A la espera del relanzamiento del proceso político, el pueblo saharaui, decidido a continuar su lucha armada, ha intensificado sus ataques. Desde la agresión marroquí en El Guerguerat, el Ejército de Liberación Saharaui ha infligido "grandes pérdidas humanas y materiales" al ejército de ocupación marroquí.

Las pérdidas sufridas por el enemigo este año son "inconmensurables", recordó el presidente de la RASD a principios de diciembre en una declaración, citando, como ejemplo, una operación armada ejecutada por el ejército saharaui contra una base militar marroquí en el muro militar y que dejó 53 muertos entre los soldados marroquíes.

Aumento de la represión marroquí:

En cuanto a la situación de los derechos humanos en los territorios saharauis ocupados, en 2021 se registró una implacabilidad sin precedentes del ocupante marroquí, especialmente contra los activistas de derechos humanos, periodistas y mujeres. El caso de la activista Sultana Jaya y su familia en Bojador ocupado es el caso más preocupante e inquietante dada la indiferencia de la ONU.

La activista sufre desde hace un año junto a su familia un arresto domiciliario impuesto por Marruecos, y durante el mismo han llevado a cabo diversas formas de intimidación, torturas, violación, inyecciones forzadas, destrucción de mobiliario, amenazas y todo tipo de prácticas que atentan contra la dignidad humana. La inhumana situación en la que se encuentra Sultana Jaya ha causado que muchas oenegés internacionales lancen serias advertencias sobre el peligro que corre su vida, dada la situación de extrema vulnerabilidad e indefensión frente al aparato de represión marroquí. 
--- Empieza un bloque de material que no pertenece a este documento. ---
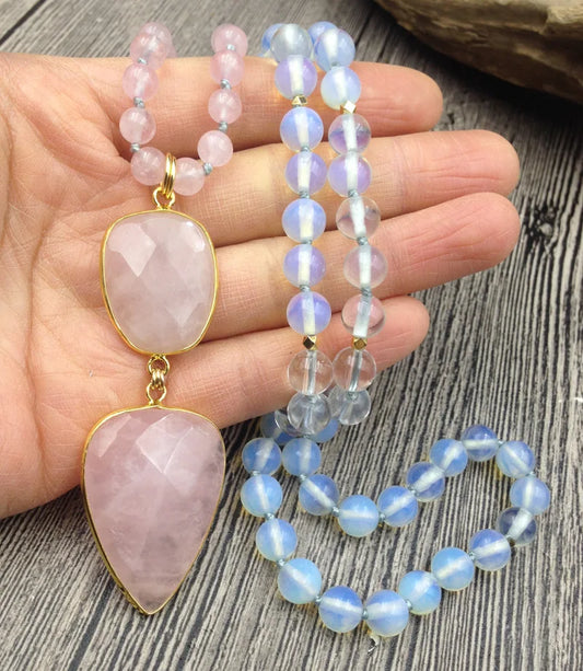 Natural Rose Quartz & Opal Necklace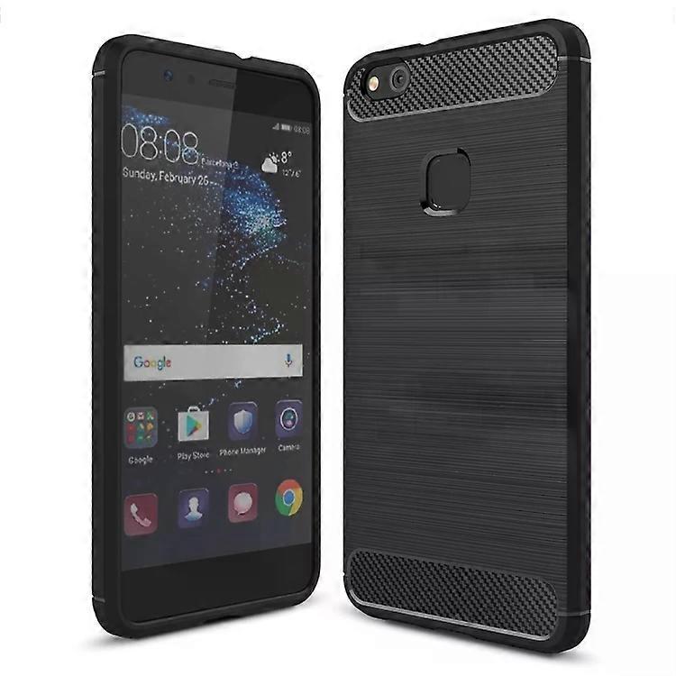 Huawei P10 Lite TPU Case-Shockproof Brushed Carbon Fiber Cover,Black Black
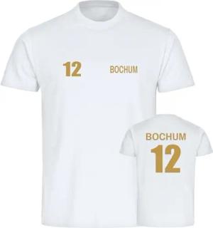 Kinder T-Shirt - Bremen - Trikot Nummer 12 Gold - Druck Gold metallic - Kind Größe 128 weiß

Como es habitual año tras año, el ocupante continuó violando los derechos humanos en el Sáhara Occidental a los ojos de las Naciones Unidas y su Consejo de Seguridad. Durante este año, las autoridades saharauis, reputadas organizaciones nacionales e internacionales de derechos humanos, así como los grupos de apoyo al pueblo saharaui, lanzaron numerosos llamamientos y avisos para poner fin a la violencia permanente desplegada por el ocupante marroquí contra el pueblo saharaui.

En este sentido, se renovaron los llamamientos para ampliar el mandato de la MINURSO a la vigilancia de los derechos humanos en los territorios ocupados. Una vez más, el Consejo de Seguridad aprobó una infame resolución ampliando el mandato de la MINURSO, considerada totalmente desequilibrada por la sencilla razón de que no tuvo en cuenta los últimos acontecimientos en la región y no condenar al responsable de la violación del alto el fuego a pesar de que en el contenido de la propia resolución se detalla las acciones de cada parte durante los sucesos de El Guerguerat.